**Records from a data source**
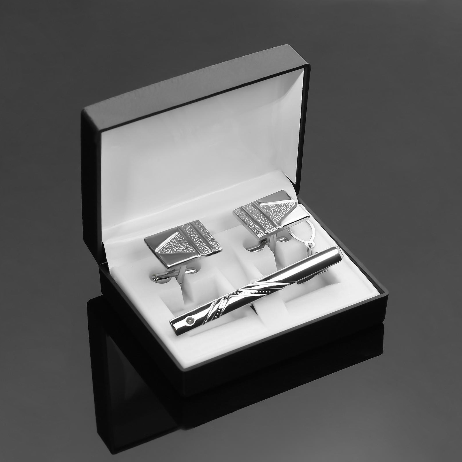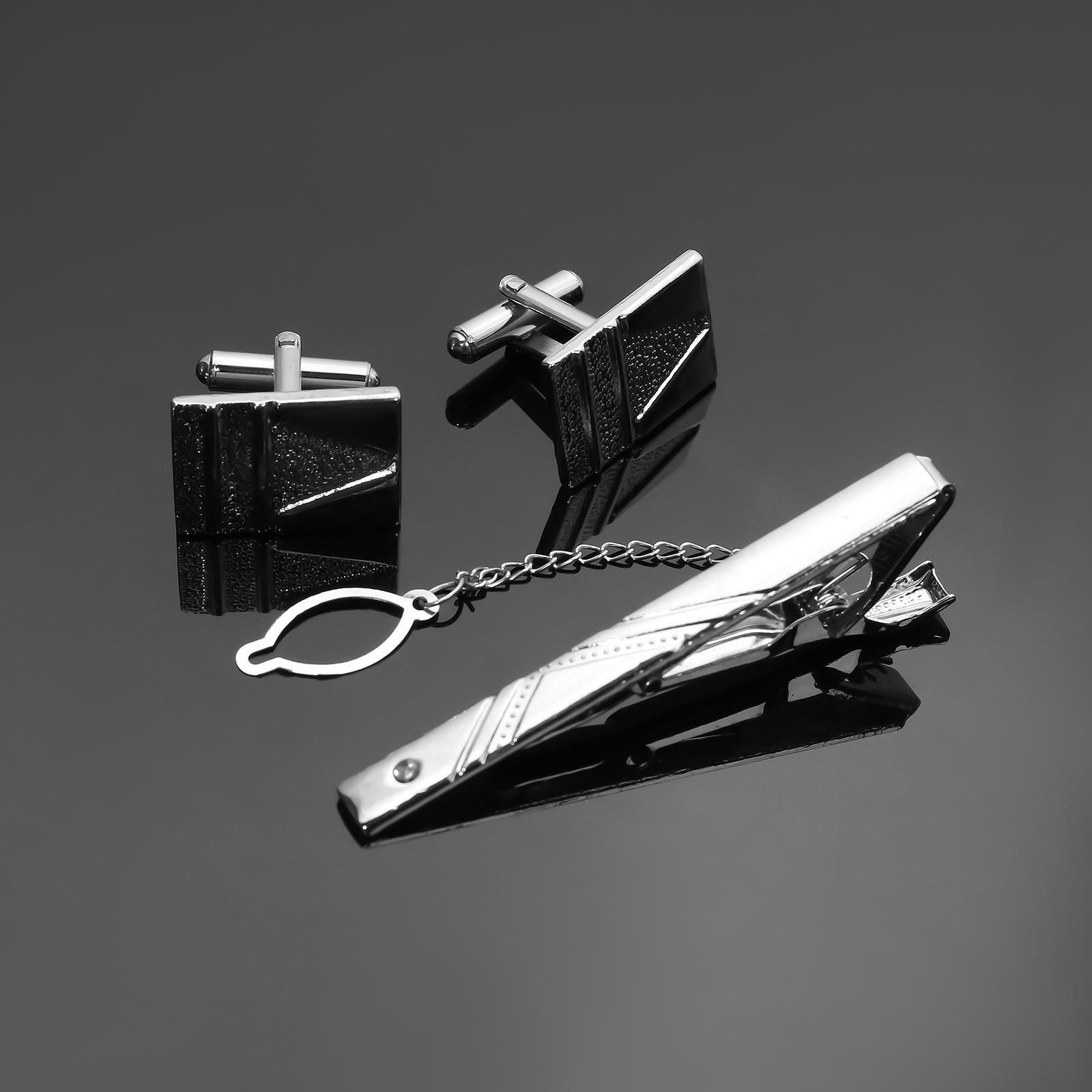 Набор мужской медный «запонки + зажим для галстука» резьба, цвет серебро
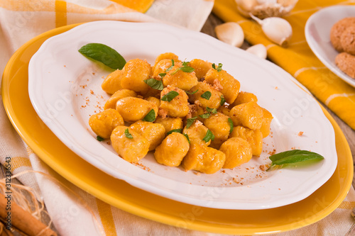 Pumpkin gnocchi with grated amaretti cookies.
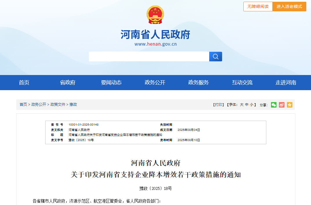 为深入贯彻习近平总书记在河南考察时的重要讲话精神,全面落实省委十一届九次全会部署,聚焦“1+2+4+N”目标任务体系,坚持系统观念、标本兼治、综合施策,推动要素端、服务端、产业端、管理端协同发力降低企业成本,结合本省实际,河南省人民政府制定《河南省支持企业降本增效若干政策措施》(以下简称《措施》),《措施》明确:实施道路通行费优惠和运营货车更新补贴政策。
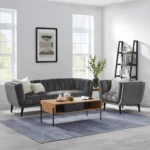 This modern masterpiece combines comfort with high-end aesthetics. Featuring deep vertical channel tufting and a rich chocolate brown velvet finish, it serves as a bold centerpiece for any contemporary living room. The sturdy frame is elevated by sleek black legs with gold accents.
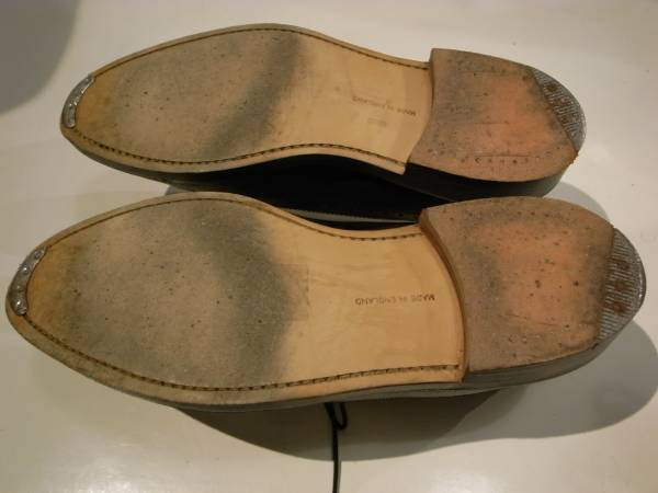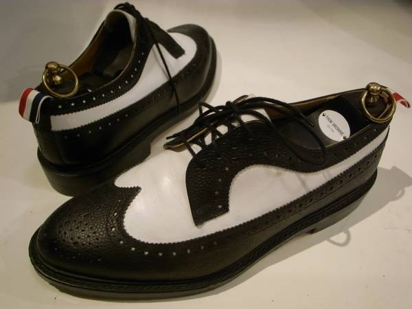 この他にもハイブランド等の商品を多数出品しています。 ●品名 : Thom Browne(トム・ブラウン ) / ウィングチップ・シューズ(買収前の初期物) ●色柄 : 黒x白 ●価格 : 20万円程度 ●産地 : イングランド ●サイズ : 表記なし(28-29cm相当) ※アウトソールは約32cm ●状態 : 8/10 (5回程度の着用) ●素材 : 本革 ●付属 : 正規シューツリー(ロゴ・プレート付) 【補足説明】 ●トム・ブラウン初期(買収される以前)のハンドメイド時代の貴重な革靴です。(個人オーダー品です) ●現行品のようなサイズタグではなく、内側に手書きでサイズ等の記載があります。(写真参照) ●着用回数も少なく、ソールの磨り減りもあまりありません。内側も擦り切れ等なく、キレイです。 ●アッパーの黒色部は型押しレザー、白色部はスムースレザーが使用されています。 ●ソールはレザー仕様。つま先とカカト部には金属プレート(錆あり)が施され、擦り減りにくくなっています。 ●アウトソール裏には「MADE IN ENGLAND」の焼印があります。 ●貴重な正規シューツリー(ブランドロゴプレート付き)が付属します。 【注意事項】(入札前に自己紹介もご一読ください) ●返品・返金には応じ兼ねます。商品状態は写真・説明文・質問でご判断ください。(タバコ無/ペット無) ●発送は、匿名の「日本郵便orヤマト運輸」でとなります。 ●条件によっては、即決(早期終了)や値引き等も受け付けますので、質問欄よりご連絡下さい。
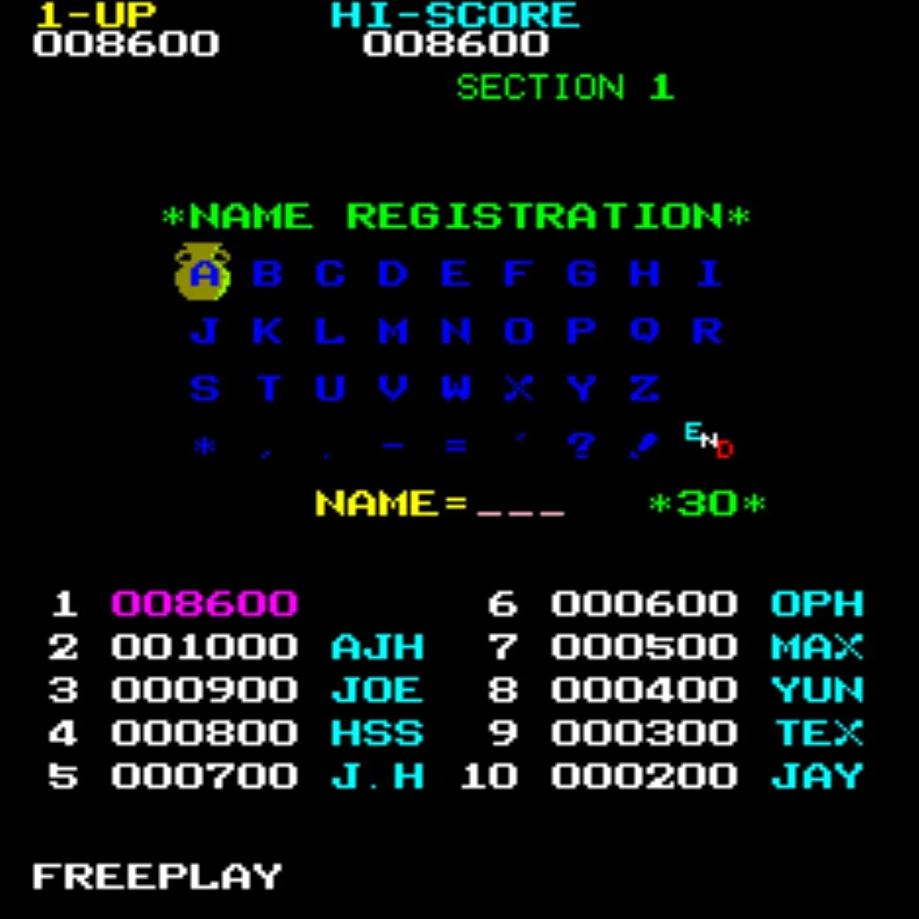 - High score tracking: Saves the Top 10 scores, with 1 dedicated score table.
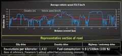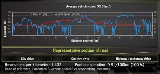 実用燃費の評価と解析の一典型としてポルシェが使っている「シュトゥットガルト周回コース」。グラフの青色の線が車速で、発進停止を繰り返す区間(市街地と周辺エリア)、時速70~90キロメートルで走る郊外路、時速120キロメートル前後を維持するアウトバーンが組み合わされている。赤色の線は道路の勾配を示す。ここを通常のガソリンエンジン搭載、スタート・ストップ(アイドリングストップ)付きのパナメーラで走った結果は平均時速53.5キロメートルで平均燃費100キロメートル走行にガソリン9.9リットル、日本流には1リットルあたり10.1キロメートル。(図版:Porsche)
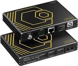 HDMI KVM Extender USB Uncompressed 4K 60Hz HDR Single Over Cat5e/6 up to 300ft, 3 Ports USB2.0 Hub POE+RS232+EDID+3.5mm Stereo Audio and Microphone
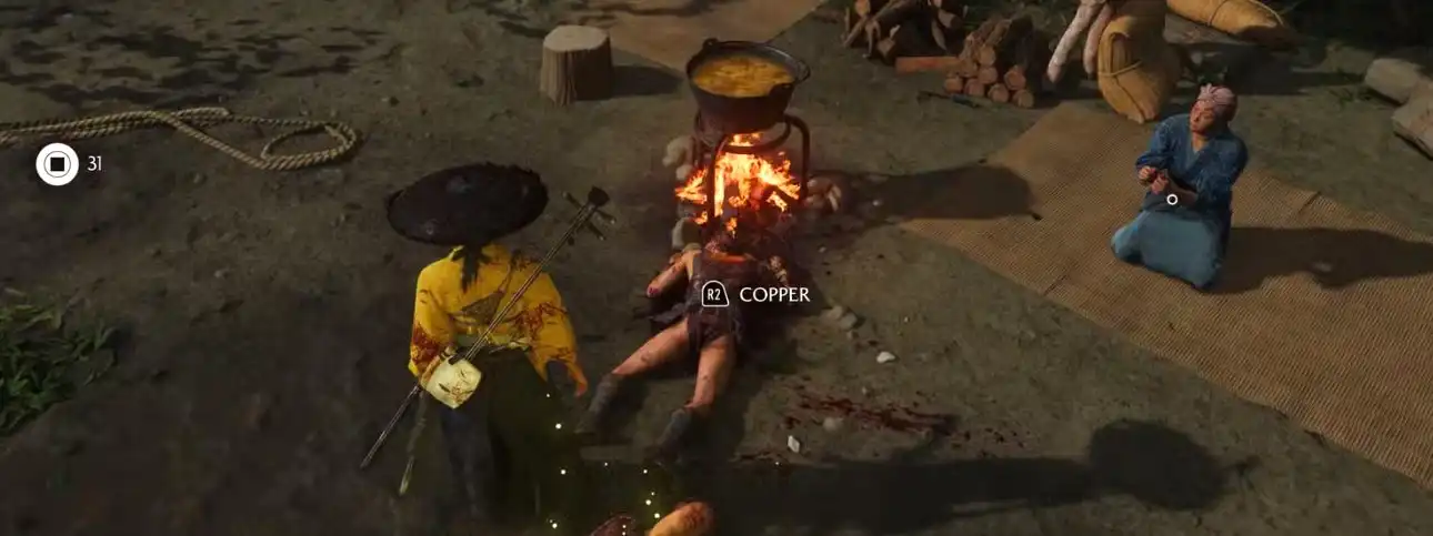 在前往任务目标的途中会遇到很多NPC,但有一个需要帮助的是太郎。这个年轻人怀揣着创业的梦想,在老客栈前正被浪人骚扰。与浪人交谈可以解救太郎(让他能继续搜刮尸体)。救了太郎之后,玩家可以与他交谈出售物品并进行交易,从而购买能增强独特能力和构建的符咒,所以一定要帮帮这孩子。
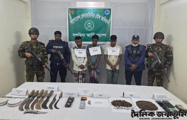 দশমিনা(পটুয়াখালী)প্রতিনিধি : পটুয়াখালীর দশমিনা উপজেলার বিভিন্ন স্থানে বাংলাদেশ সেনাবাহিনী ও পুলিশ যৌথ অভিযান পরিচালনা করে বিপুল পরিমান মাদকদ্রব্য,দেশী অস্ত্র ও বিভিন্ন ধরনের যৌন উত্তেজক ট্যাবলেটসহ ৩জনকে গ্রেফতার করা হয়। বাংলাদেশ সেনাবাহিনীর দশমিনা কন্টিনজেন্ট কমান্ডার মেজর তানজিল’র নির্দেশে সেনাবাহিনী ও পুলিশ যৌথ অভিযান করে মাদক ব্যবসায়ী জিয়া,হানিফ ও সুমনকে গ্রেফতার করেছে। আটককৃতদের বিরুদ্ধে আইনগত ব্যবস্থা নেয়ার জন্য তাদেরকে থানার পুলিশের নিকট হস্তান্তর করা হয়।
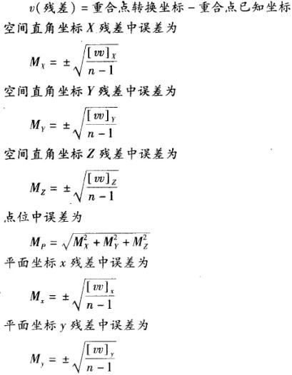 (3)依据计算坐标转换参数的重合点的残差中误差评估坐标转换精度。对于n个点,坐标转换精度估计公式如下。
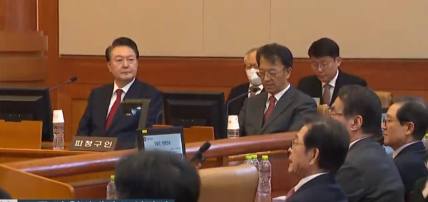 지난달 21일 헌법재판소 심판정에 출석한 윤석열 대통령. 연합뉴스TV캡처 자료사진
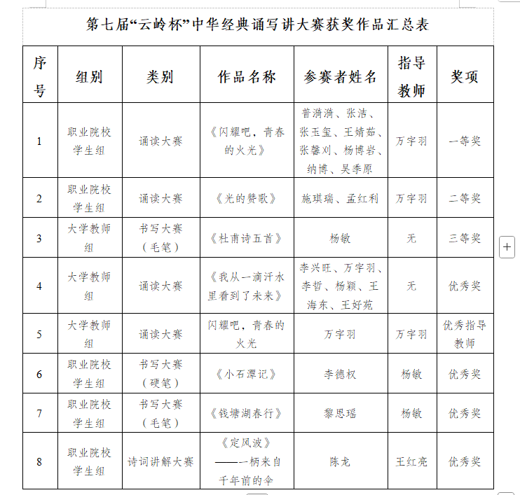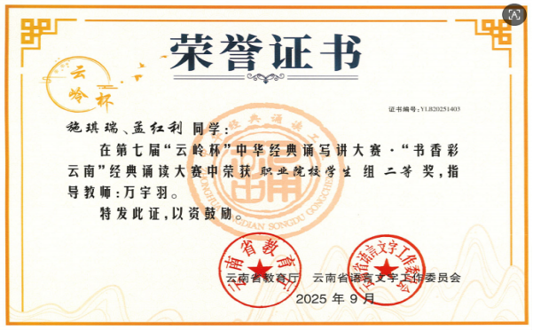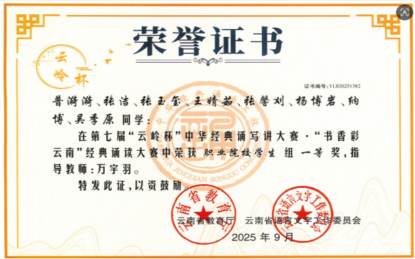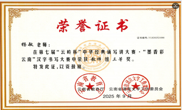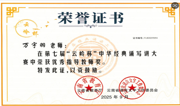 近日,由云南省语言文字工作委员会、云南省教育厅主办的第七届“云岭杯”中华经典诵写讲大赛结果揭晓。我校选派选手表现优异,共荣获一等奖1个,二等奖1个,三等奖1个,优秀奖4个,万宇羽老师获得优秀指导教师称号。
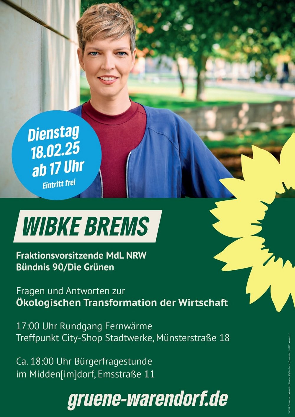 Anschließend geht es ab 18:00 Uhr in die Gaststätte "Midden[im]dorf", Emsstraße 12, wo Wibke Brems erläutern wird, wie eine nachhaltige Energiepolitik zu mehr Wirtschaftswachstum führen kann und welche konkreten Maßnahmen man hierfür auf Landesebene ergreifen kann.
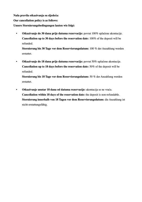Pobytová taxa je v ceně. Doklad o potvrzení rezervace při rezervaciStorno 30 dní před dnem rezervace - vrací se 100% zálohy. Storno 18 dní před rezervací - 50% zálohy se vrací. Poté se již záloha nevrací.
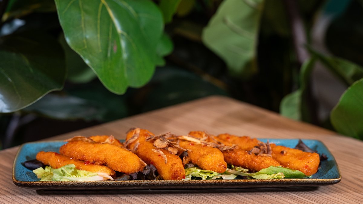 • 7 pcs Chicken Strips • Sweet Chilly Sauce • Crispy Onion • Salad Green
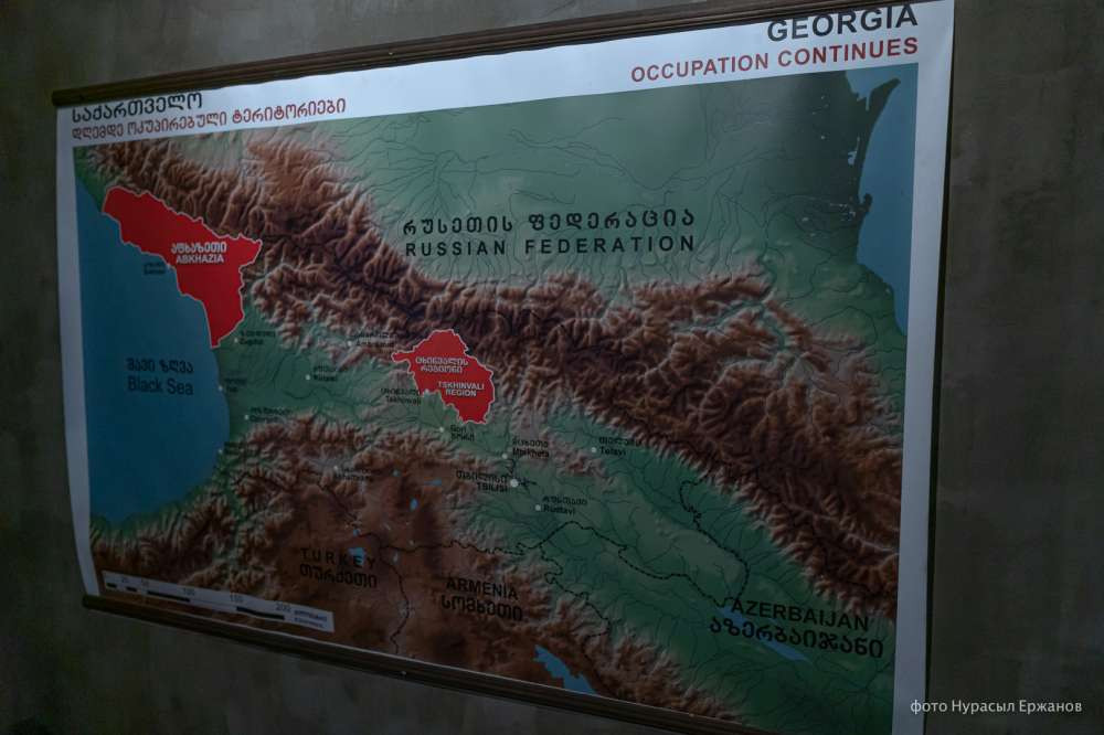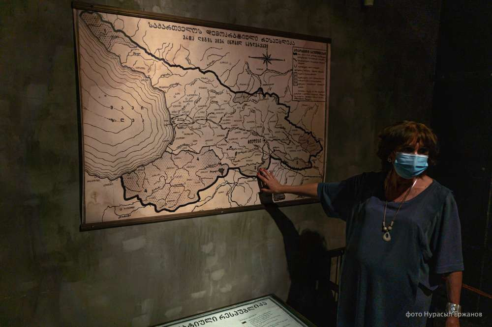 "Здесь (на карте выше) представлены оккупированные территории. Когда в 1921 году большевики пришли к власти, были созданы три маленькие республики — Абхазская автономная республика, Аджарская автономная республика, и с севера в центр Грузии спустились осетины. Для того, чтобы сделать им автономию, понадобилось целое грузинское поселение. И вот тогда создали Юго-Осетинскую автономную область. Эта территория у нас сейчас оккупирована", — рассказывает сотрудница музея.

**Your task**
Output the data above exactly, beginning at its first line and ending with the line that holds "実用燃費の評価と解析の一典型". Leave out the pictures and add nothing.

**Completed exercise**
 Набор мужской медный «запонки + зажим для галстука» резьба, цвет серебро
 Pumpkin gnocchi with grated amaretti cookies.
 为深入贯彻习近平总书记在河南考察时的重要讲话精神,全面落实省委十一届九次全会部署,聚焦“1+2+4+N”目标任务体系,坚持系统观念、标本兼治、综合施策,推动要素端、服务端、产业端、管理端协同发力降低企业成本,结合本省实际,河南省人民政府制定《河南省支持企业降本增效若干政策措施》(以下简称《措施》),《措施》明确:实施道路通行费优惠和运营货车更新补贴政策。
 This modern masterpiece combines comfort with high-end aesthetics. Featuring deep vertical channel tufting and a rich chocolate brown velvet finish, it serves as a bold centerpiece for any contemporary living room. The sturdy frame is elevated by sleek black legs with gold accents.
 この他にもハイブランド等の商品を多数出品しています。 ●品名 : Thom Browne(トム・ブラウン ) / ウィングチップ・シューズ(買収前の初期物) ●色柄 : 黒x白 ●価格 : 20万円程度 ●産地 : イングランド ●サイズ : 表記なし(28-29cm相当) ※アウトソールは約32cm ●状態 : 8/10 (5回程度の着用) ●素材 : 本革 ●付属 : 正規シューツリー(ロゴ・プレート付) 【補足説明】 ●トム・ブラウン初期(買収される以前)のハンドメイド時代の貴重な革靴です。(個人オーダー品です) ●現行品のようなサイズタグではなく、内側に手書きでサイズ等の記載があります。(写真参照) ●着用回数も少なく、ソールの磨り減りもあまりありません。内側も擦り切れ等なく、キレイです。 ●アッパーの黒色部は型押しレザー、白色部はスムースレザーが使用されています。 ●ソールはレザー仕様。つま先とカカト部には金属プレート(錆あり)が施され、擦り減りにくくなっています。 ●アウトソール裏には「MADE IN ENGLAND」の焼印があります。 ●貴重な正規シューツリー(ブランドロゴプレート付き)が付属します。 【注意事項】(入札前に自己紹介もご一読ください) ●返品・返金には応じ兼ねます。商品状態は写真・説明文・質問でご判断ください。(タバコ無/ペット無) ●発送は、匿名の「日本郵便orヤマト運輸」でとなります。 ●条件によっては、即決(早期終了)や値引き等も受け付けますので、質問欄よりご連絡下さい。
 - High score tracking: Saves the Top 10 scores, with 1 dedicated score table.
 実用燃費の評価と解析の一典型としてポルシェが使っている「シュトゥットガルト周回コース」。グラフの青色の線が車速で、発進停止を繰り返す区間(市街地と周辺エリア)、時速70~90キロメートルで走る郊外路、時速120キロメートル前後を維持するアウトバーンが組み合わされている。赤色の線は道路の勾配を示す。ここを通常のガソリンエンジン搭載、スタート・ストップ(アイドリングストップ)付きのパナメーラで走った結果は平均時速53.5キロメートルで平均燃費100キロメートル走行にガソリン9.9リットル、日本流には1リットルあたり10.1キロメートル。(図版:Porsche)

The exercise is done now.